## Activity
What you return must match the listing below line for line, minus its pictures.

## Information shown
· · · · ·
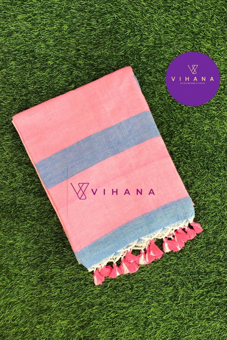 Bright and refreshing, this elegant saree features pink and soft blue horizontal stripes that create a striking yet graceful look. The beautifully coordinated border with fine stripe detailing enhances its charm, while the lightweight fabric ensures all-day comfort. Finished with delicate tassels on the pallu, this saree is perfect for casual gatherings, festive mornings, and effortless everyday elegance. Pair it with a contrasting blouse to complete the vibrant look.
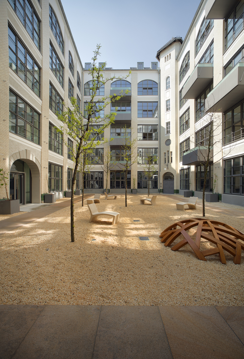 Die maroden Keller der Innenhöfe wurden entfernt und eine Tiefgarage mit 31 PKW-Stellplätzen eingebaut. Die Innenhöfe wurden aufwendig gestaltet und begrünt.
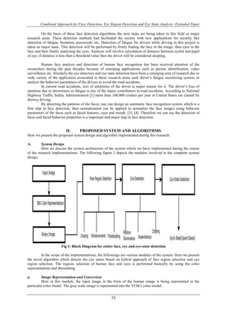 This paper presents a combined approach for face detection, eye region detection, and eye state analysis aimed at improving road safety by analyzing driver fatigue. It details an algorithmic implementation that utilizes the YCbCr color model to effectively detect face and eye regions, and accurately determine whether the eyes are open or closed. The proposed system demonstrates significant advancements in the accuracy of eye state detection compared to previous methodologies, highlighting its potential applications in safety monitoring systems.
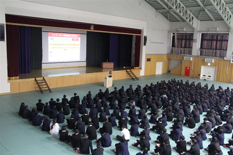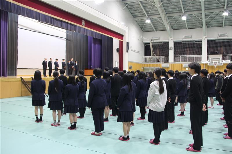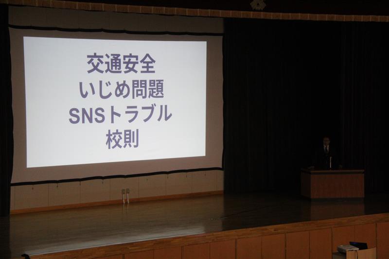 新任式に続き始業式が行われ、校長先生から「挑戦することの大切さ」についてのお話がありました。 生徒たちは、進級した自覚を胸に、真剣な表情で耳を傾けていました。その後、敦賀警察署の方から自転車の乗り方と、SNSの利用についての講話がありました。
· · · · ·
## Exercise output
 Bright and refreshing, this elegant saree features pink and soft blue horizontal stripes that create a striking yet graceful look. The beautifully coordinated border with fine stripe detailing enhances its charm, while the lightweight fabric ensures all-day comfort. Finished with delicate tassels on the pallu, this saree is perfect for casual gatherings, festive mornings, and effortless everyday elegance. Pair it with a contrasting blouse to complete the vibrant look.
 Die maroden Keller der Innenhöfe wurden entfernt und eine Tiefgarage mit 31 PKW-Stellplätzen eingebaut. Die Innenhöfe wurden aufwendig gestaltet und begrünt.
 This paper presents a combined approach for face detection, eye region detection, and eye state analysis aimed at improving road safety by analyzing driver fatigue. It details an algorithmic implementation that utilizes the YCbCr color model to effectively detect face and eye regions, and accurately determine whether the eyes are open or closed. The proposed system demonstrates significant advancements in the accuracy of eye state detection compared to previous methodologies, highlighting its potential applications in safety monitoring systems.
 新任式に続き始業式が行われ、校長先生から「挑戦することの大切さ」についてのお話がありました。 生徒たちは、進級した自覚を胸に、真剣な表情で耳を傾けていました。その後、敦賀警察署の方から自転車の乗り方と、SNSの利用についての講話がありました。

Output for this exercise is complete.